UF/IFAS launches Agricultural Entrepreneurship Program to Prepare Students to Create Farming, AgTech Businesses

by MEREDITCH BAUER-MITCHELL, UF/IFAS

Growing a business is difficult. Growing an agriculture business can have its own unique challenges that can be daunting for a budding businessperson.

That’s why the University of Florida Institute of Food and Agricultural Sciences (UF/IFAS) Department of Food and Resource Economics (FRE) is launching a new entrepreneurship program, specifically targeted for students who want to create agricultural businesses.

The Wayne T. Davis Agricultural and Rural Entrepreneurship program will kick off in the fall of 2026 with the course Principals of Agricultural Entrepreneurship, with a follow-up course in the spring of 2027. The class series will focus on the basics of entrepreneurship and business-planning, with a focus on agricultural issues, said Tori Rumenik, an FRE alumna and the program’s creative coordinator. The courses are open to both undergraduate and graduate students as joint classes. All majors across UF can enroll.

“Agriculture is facing huge challenges, from automation demand to responsible water use, and UF really has the brightest minds in the nation where it comes to agriculture innovation,” she said. “We want to make it possible for them to take those big ideas and transform them into businesses after graduation, but we need to provide the toolkit to do so.”

The course series will focus on agricultural business basics in the fall, such as business fundamentals, regulation, food safety, safe lending practices and market research. Students will hear from successful business leaders in the agriculture industry about best practices, lessons learned and success stories.

In the spring, students will create business plans and present them in a “Shark Tank”-style pitching process to mentors who run successful agricultural businesses. By the end of the course, students should feel prepared to launch their own businesses.

The goal of the program is to empower students to take the concepts they’re learning in their degree and springboard them into businesses or consumer innovations after graduation, said Rumenik, who is also the executive director of the North Carolina Ag Partnership.

The course isn’t just for students who want to start farms, although future farmers are welcome, she said. Rumenik hopes businesses from irrigation to food service to precision agriculture come out of this program.

“If someone is going to figure out how to make automated harvesting better, they’re going to come from UF,” she said. “We want to give them the space to do it.”

The program will be part of the Agricultural and Rural Entrepreneurship undergraduate minor, as well as an Agricultural and Rural Entrepreneurship track for students pursuing their Master of Agribusiness.

The program has been initially funded by a donation from Wayne T. Davis, an FRE alumnus and successful agricultural entrepreneur.

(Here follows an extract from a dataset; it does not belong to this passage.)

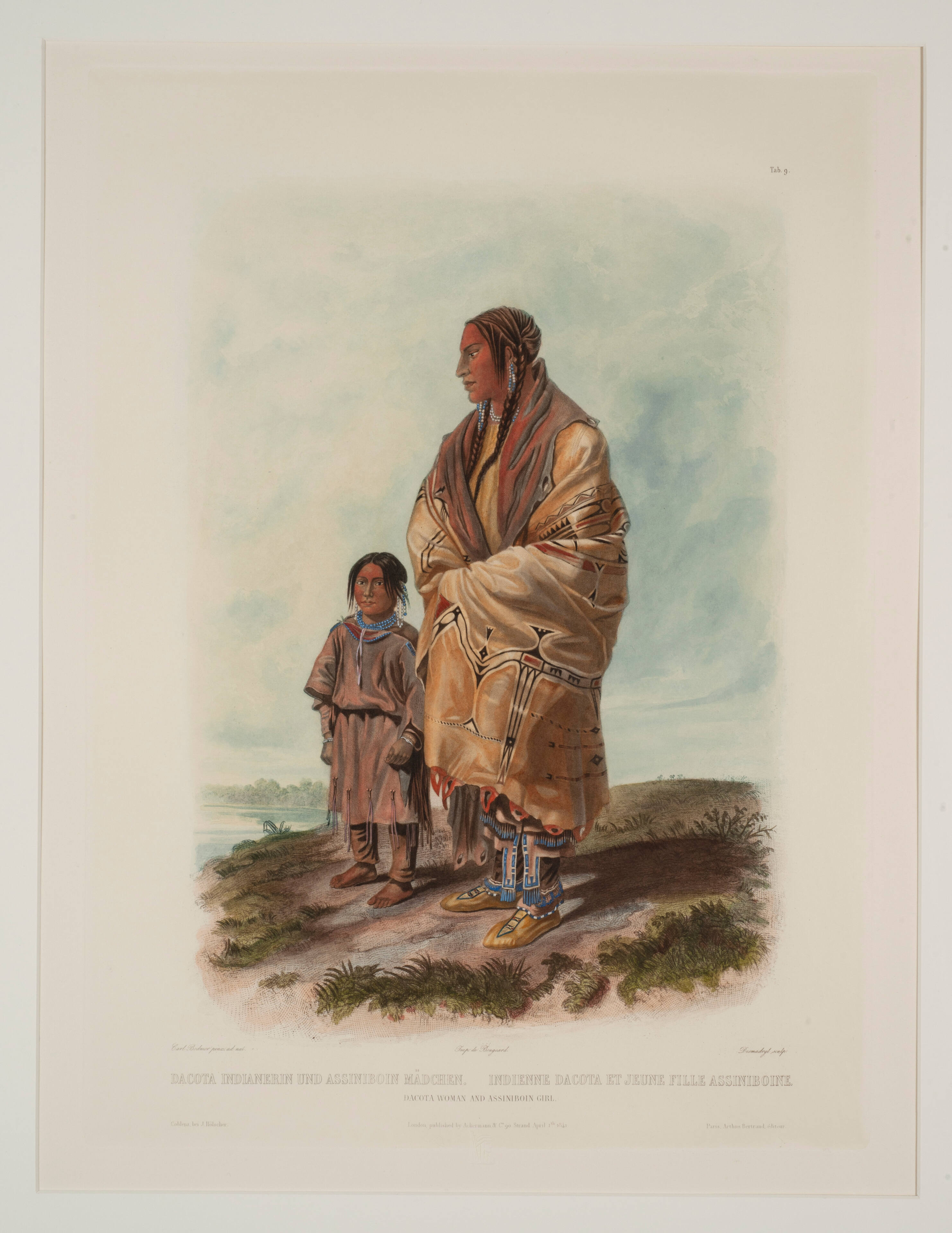 Label TextBetween 1832 and 1834 Prince Maximilian of Wied-Neuwied (a German province) traveled to the interior of North America. The artist Karl Bodmer accompanied him and sketched the land and the people as they traveled. The resulting prints were made from original etched plates and then colored with watercolors. They capture the beauty and drama of Plains Indian regalia in use.ProvenanceElecto Historical Editions. London, England in association with Joslyn Art Museum, Omaha, Nebraska

“Mr. Davis’s generous gift to start this program will help prepare our students not only for the future agricultural workforce, but it will give students the capacity to grow the workforce by becoming their own bosses,” said Lisa House, FRE chair and professor. “The next generation of problem-solvers are already in our lecture halls, and we want to equip them to go into the world with their ideas prepped and ready for the marketplace.”